Dang, That’s Too Bad
I had some major issues with this book. I wanted to like it and I kept reading it hoping it would get better but…
- Writing. I said earlier that it was written well and it was for the most part. My problem was that all the characters had the same voice. Shazi, Despina, Rahim, Tariq, and Jalal all had the same quick witted sense of humor. It was difficult to tell the difference between the characters. That’s a MAJOR problem that I couldn’t get over it. Ahdieh is a debut author and she’s a good writer but her editor should tell her to write different characters.

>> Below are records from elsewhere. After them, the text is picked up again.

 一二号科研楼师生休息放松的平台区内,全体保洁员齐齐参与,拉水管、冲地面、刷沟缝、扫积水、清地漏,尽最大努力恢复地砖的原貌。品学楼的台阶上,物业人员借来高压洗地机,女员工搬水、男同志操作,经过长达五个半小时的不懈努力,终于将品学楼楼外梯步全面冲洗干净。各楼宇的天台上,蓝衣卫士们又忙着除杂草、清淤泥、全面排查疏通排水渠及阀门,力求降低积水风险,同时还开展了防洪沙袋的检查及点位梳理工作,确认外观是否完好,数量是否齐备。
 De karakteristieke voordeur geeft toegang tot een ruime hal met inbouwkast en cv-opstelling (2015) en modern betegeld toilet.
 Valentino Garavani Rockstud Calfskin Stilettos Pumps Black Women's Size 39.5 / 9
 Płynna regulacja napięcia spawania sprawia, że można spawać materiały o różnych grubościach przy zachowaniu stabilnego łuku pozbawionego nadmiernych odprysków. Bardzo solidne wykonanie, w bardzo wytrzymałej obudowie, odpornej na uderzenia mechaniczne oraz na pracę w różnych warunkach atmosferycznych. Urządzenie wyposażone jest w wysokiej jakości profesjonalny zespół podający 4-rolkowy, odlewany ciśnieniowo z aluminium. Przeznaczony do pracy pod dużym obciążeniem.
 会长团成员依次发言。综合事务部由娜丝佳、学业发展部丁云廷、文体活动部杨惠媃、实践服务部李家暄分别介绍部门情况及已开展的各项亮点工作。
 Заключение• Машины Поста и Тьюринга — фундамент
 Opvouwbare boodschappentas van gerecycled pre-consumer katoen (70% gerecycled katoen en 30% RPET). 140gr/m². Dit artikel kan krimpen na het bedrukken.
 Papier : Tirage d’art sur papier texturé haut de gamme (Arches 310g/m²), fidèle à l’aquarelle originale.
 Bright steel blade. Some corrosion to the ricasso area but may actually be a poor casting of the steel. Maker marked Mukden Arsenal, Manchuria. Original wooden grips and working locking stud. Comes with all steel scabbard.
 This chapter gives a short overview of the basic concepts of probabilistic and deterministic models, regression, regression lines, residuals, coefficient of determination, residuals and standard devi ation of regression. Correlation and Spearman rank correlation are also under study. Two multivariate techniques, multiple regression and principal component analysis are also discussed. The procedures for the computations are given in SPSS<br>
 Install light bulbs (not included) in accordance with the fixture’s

- Love Story. I’m not familiar with the original story but that shouldn’t matter. Shazi hates the king because he killed her best friend. She intends to kill but she inevitably falls in love but she falls in love might quick. They have sex twice and she’s in love. Khalid must have the bomb penis because if my best friend was killed by someone; I doubt I’d fall in love after a month-COME ON! It’s not that I didn’t buy the love between Shazi and Khalid, I did and I was rooting for them but it should have taken longer.
- Nothing Happens. Sure there are some close calls with Shazi’s life and their venture into town and the preverbal grand ball at the end but the stuff that happens between these events are minute. It’s a lot of talking and I don’t mind a slow moving plot if the story or the dialogue is good but as I mentioned above; everyone has the same voice. There was a good storyline with Shazi’s father but nothing was answered because he will probably play a big role in book 2. I felt like that was a big let down. I wish there was one small reveal with the father.
- The Problem with the Boring Story. There was a major plot reveal in the preface. It’s the one where the audience knows the truth but the main character doesn’t. When this is done correctly, the audience/reader should be on the edge of their seat the entire book. We should be yelling at the protag because she’s wrong and she’s making a big mistake but she doesn’t know it. This book, however, didn’t do it correctly. We have to suffer through Shazi inability to make a decision and do anything of significance. She just keeps going back and forth-should I have killed the king at this time? Do I love him? He’s evil, no he’s misunderstood. MAKE A DECISION ALREADY, DAMMIT! She doesn’t do anything but tell stories-OMG!
The story would have been better if it was the type of plot where the reader nor the protag knows the truth.
- That Cover. It looks like the publishers are still doing that thing where they try to hide the brown skinned girl/boy on the cover. Either show her face or don’t put a person on the cover at all.
I was rooting for this story so badly because Middle Eastern teens are all but non-existent in YA literature. The writing in terms of the words written on the page were passable but the writing in terms of story development was lacking.
I will recommend it to my teens because I think they will like it and we need diverse characters.